Listed records:
★ ★ ★ ★ ★

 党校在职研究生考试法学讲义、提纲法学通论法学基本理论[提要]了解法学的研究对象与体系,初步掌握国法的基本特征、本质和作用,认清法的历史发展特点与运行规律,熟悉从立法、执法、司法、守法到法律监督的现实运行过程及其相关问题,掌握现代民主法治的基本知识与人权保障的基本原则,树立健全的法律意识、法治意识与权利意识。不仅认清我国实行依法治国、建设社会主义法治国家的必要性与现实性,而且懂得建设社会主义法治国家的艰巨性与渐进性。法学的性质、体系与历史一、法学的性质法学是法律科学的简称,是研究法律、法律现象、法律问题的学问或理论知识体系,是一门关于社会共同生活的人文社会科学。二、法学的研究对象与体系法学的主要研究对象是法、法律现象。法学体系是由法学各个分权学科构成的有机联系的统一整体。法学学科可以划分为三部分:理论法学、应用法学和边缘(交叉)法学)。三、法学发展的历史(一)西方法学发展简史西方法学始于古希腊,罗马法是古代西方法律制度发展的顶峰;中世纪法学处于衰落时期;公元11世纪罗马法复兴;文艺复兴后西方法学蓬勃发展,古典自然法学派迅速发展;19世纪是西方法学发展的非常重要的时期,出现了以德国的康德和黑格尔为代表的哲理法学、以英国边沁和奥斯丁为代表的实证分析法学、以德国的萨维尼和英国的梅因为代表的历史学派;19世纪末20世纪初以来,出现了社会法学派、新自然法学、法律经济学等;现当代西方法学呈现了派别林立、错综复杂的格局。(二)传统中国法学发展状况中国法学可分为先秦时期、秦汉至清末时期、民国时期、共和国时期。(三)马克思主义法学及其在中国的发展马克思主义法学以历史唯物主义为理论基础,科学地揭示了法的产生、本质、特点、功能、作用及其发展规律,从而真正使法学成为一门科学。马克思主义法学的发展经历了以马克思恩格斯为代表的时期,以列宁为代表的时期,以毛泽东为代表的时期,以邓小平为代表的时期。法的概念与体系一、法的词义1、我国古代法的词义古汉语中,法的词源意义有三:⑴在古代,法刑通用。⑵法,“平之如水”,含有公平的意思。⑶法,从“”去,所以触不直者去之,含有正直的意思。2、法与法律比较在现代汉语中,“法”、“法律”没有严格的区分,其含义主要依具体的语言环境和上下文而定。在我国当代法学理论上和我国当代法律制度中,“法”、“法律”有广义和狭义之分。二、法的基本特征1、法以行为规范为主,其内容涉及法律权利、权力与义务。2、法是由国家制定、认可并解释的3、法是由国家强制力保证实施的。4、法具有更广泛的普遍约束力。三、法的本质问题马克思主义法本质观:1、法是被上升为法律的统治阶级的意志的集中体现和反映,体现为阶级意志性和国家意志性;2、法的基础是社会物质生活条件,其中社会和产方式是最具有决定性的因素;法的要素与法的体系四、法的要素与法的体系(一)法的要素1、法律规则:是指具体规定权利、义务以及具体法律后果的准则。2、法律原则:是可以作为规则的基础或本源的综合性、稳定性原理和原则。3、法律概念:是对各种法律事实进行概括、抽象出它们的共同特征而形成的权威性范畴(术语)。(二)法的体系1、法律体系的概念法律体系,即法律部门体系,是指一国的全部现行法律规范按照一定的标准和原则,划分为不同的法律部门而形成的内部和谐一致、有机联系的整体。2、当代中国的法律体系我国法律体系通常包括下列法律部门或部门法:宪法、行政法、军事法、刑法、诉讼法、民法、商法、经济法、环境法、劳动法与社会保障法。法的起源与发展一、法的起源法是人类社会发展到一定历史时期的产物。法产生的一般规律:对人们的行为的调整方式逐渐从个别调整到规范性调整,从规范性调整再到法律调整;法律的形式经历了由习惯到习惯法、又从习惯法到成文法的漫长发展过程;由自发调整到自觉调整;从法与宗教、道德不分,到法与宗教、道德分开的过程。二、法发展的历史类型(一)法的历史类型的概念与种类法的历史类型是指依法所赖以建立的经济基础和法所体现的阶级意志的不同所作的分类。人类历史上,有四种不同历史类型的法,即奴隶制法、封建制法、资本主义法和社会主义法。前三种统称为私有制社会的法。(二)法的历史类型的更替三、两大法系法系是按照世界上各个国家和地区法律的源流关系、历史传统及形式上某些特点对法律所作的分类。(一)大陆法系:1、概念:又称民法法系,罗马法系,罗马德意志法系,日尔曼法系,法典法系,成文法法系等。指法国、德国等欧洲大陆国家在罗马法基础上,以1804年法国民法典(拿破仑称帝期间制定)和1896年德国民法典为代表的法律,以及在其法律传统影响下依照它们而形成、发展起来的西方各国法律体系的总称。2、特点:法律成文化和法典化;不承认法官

★ ★ ★ ★ ★

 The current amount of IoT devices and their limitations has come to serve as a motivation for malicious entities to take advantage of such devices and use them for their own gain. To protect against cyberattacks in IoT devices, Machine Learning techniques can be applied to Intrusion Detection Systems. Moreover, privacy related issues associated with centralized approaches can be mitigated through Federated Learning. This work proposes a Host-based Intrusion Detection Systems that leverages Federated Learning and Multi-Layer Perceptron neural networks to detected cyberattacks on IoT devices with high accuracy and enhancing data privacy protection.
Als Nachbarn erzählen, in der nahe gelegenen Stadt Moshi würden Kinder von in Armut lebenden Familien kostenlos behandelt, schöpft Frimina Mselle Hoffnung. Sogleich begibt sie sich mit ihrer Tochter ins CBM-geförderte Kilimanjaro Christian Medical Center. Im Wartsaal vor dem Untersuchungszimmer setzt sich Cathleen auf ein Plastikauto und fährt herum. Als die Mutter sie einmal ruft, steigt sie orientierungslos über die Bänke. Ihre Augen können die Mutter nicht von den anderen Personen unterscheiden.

★ ★ ★ ★ ★

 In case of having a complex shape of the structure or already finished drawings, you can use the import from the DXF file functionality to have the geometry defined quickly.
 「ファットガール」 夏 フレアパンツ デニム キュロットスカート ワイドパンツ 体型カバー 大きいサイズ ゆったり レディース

★ ★ ★ ★ ★

Try it: From the entries above, give again exactly the lines running from the line with "In case of having" to the line with "大きいサイズ ゆったり レディース"; include both of those lines.

Result of the exercise:
 In case of having a complex shape of the structure or already finished drawings, you can use the import from the DXF file functionality to have the geometry defined quickly.
 「ファットガール」 夏 フレアパンツ デニム キュロットスカート ワイドパンツ 体型カバー 大きいサイズ ゆったり レディース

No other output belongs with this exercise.